This book is an exposition of "Singular Semi-Riemannian Geometry"- the study of a smooth manifold furnished with a degenerate (singular) metric tensor of arbitrary signature. The main topic of interest is those cases where the metric tensor is assumed to be nondegenerate. In the literature, manifolds with degenerate metric tensors have been studied extrinsically as degenerate submanifolds of semi Riemannian manifolds.
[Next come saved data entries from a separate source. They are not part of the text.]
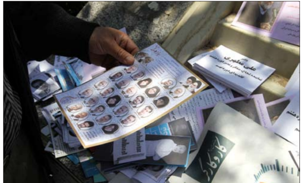
إيراني يقرأ أحد المنشورات الدعائية للانتخابات البرلمانية المقبلة

وحذر من أنه في حال حياة إيران سلاحا نوويا ستتضرر السعودية وتركيا ومصر للانضمام لسباق تسلح نووي. ونقلت صحف إسرائيلية اسم عن باراك في حفل استقبال لقيادة جهاز الأمن الإسرائيلي بمناسبة «يوم استقلال» إسرائيل أمس الأول إن القيادة الإيرانية «ليست عقلانية بالمفهوم الغربي للكلمة» وذلك خلافا لما كان غانتس قاله لصحيفة «هانتس» الأربعاء إنه يعتقد «أن القيادة الإيرانية مؤلفة من أشخاص عقلانيين جدا» مستبعدا «أن تقرر إيران صنع قنبلة نووية». لكن غانتس حذر في الوقت نفسه من أن قنبلة نووية بأيدي إيران تشكل خطرا وجوديا على إسرائيل التي ستعمل على منع ذلك. وقال باراك إن «حقيقة أن الحديث يدور عن أشخاص أذكاء ويفكرون ويتطلعون إلى البقاء في الحكم ويسعون نحو أهدافهم بمكر غير محسود ومن خلال تقدير متواصل لخطوات ونوايا الخصم لا تجعلهم عقلانيين
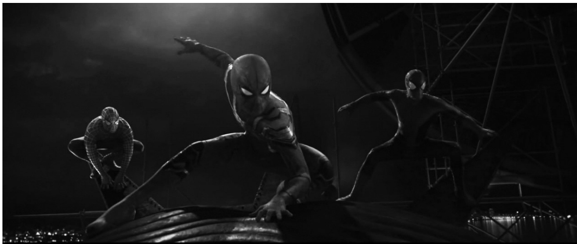
Іл. 2. Кадр з х/ф «Людина-павук: Додому шляху нема» (англ. "Spider-Man: No Way Home")

ями часу, з'ясувати актуальність створення та презентації цих кінопроектів для глядачів усього світу впродовж багатьох десятиліть. Тому можемо зазначити, що головною метою статті є репрезентація блокбастеру як провідного аудіовізуального твору сучасної масової культури.
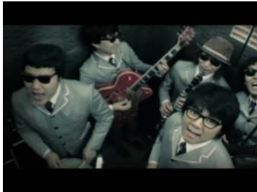
「INDIE TO GO」

さらに、昨年映画祭にて上映し、好評を博した、あの韓国中編ミュージックビデオの傑作「男が女を愛するとき(歌手:イ・スング)」をアンコール上映。
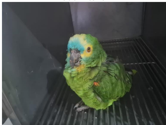
(49355) - Papagaio-verdadeiro, adulto
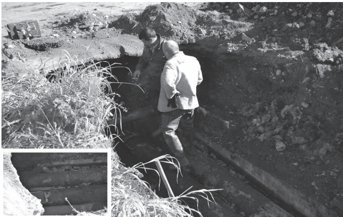
Ржавые трубы - холодная зима

Салдинцы, которые были вынуждены объезжать 19 сентября перекрёсток на Ломоносова-Фрунзе, звонили в редакцию: «Почему ремонт начался только спустя несколько дней после аварии?»
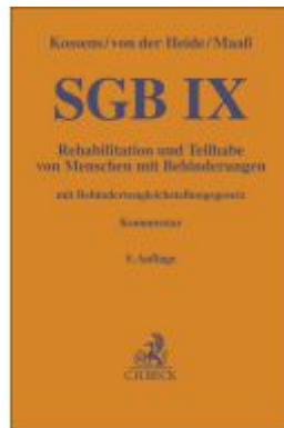
SGB IX Ladenpreis: 122,40EUR

One major aspect of this book is first to study the intrinsic structure of a manifold with a degenerate metric tensor and then to study it extrinsically by considering it as a degenerate submanifold of a semi-Riemannian manifold. This book is divided into three parts. Part I deals with singular semi Riemannian manifolds in four chapters. In Chapter I, the linear algebra of indefinite real inner product spaces is reviewed. In general, properties of certain geometric tensor fields are obtained purely from the algebraic point of view without referring to their geometric origin. Chapter II is devoted to a review of covariant derivative operators in real vector bundles. Chapter III is the main part of this book where, intrinsically, the Koszul connection is introduced and its curvature identities are obtained. In Chapter IV, an application of Chapter III is made to degenerate submanifolds of semi-Riemannian manifolds and Gauss, Codazzi and Ricci equations are obtained. Part II deals with singular Kahler manifolds in four chapters parallel to Part I.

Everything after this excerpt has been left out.